(Task to complete)
Write the data below out exactly as it stands. Do not include the pictures.

(Supplied data)
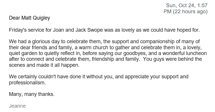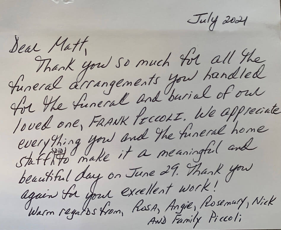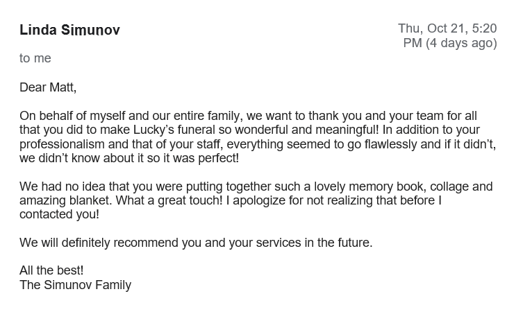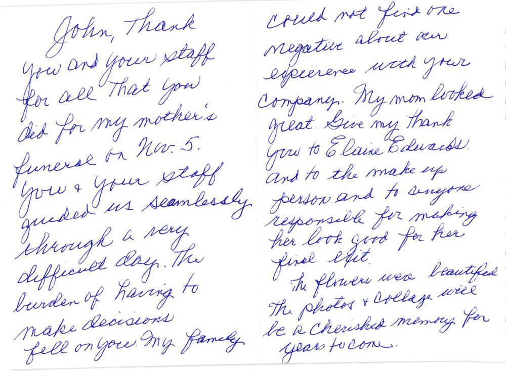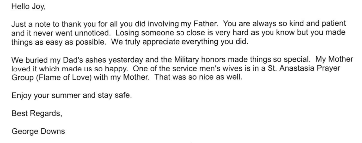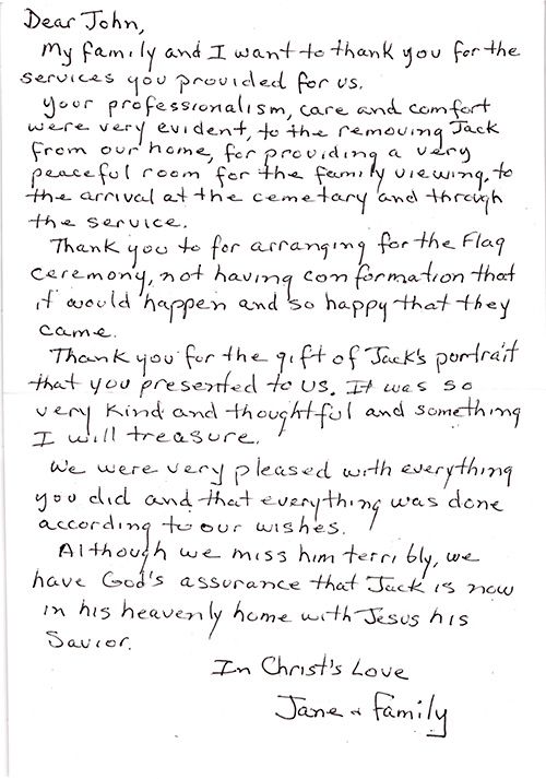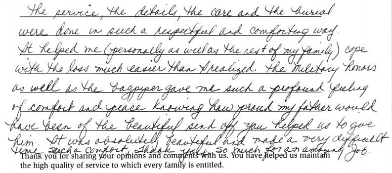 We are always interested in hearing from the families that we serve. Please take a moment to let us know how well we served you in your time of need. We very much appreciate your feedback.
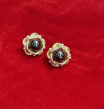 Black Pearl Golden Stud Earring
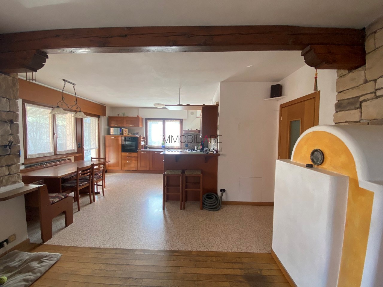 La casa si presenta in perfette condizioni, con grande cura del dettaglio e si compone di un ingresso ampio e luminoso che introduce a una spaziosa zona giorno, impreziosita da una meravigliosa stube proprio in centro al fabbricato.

(Written response)
 We are always interested in hearing from the families that we serve. Please take a moment to let us know how well we served you in your time of need. We very much appreciate your feedback.
 Black Pearl Golden Stud Earring
 La casa si presenta in perfette condizioni, con grande cura del dettaglio e si compone di un ingresso ampio e luminoso che introduce a una spaziosa zona giorno, impreziosita da una meravigliosa stube proprio in centro al fabbricato.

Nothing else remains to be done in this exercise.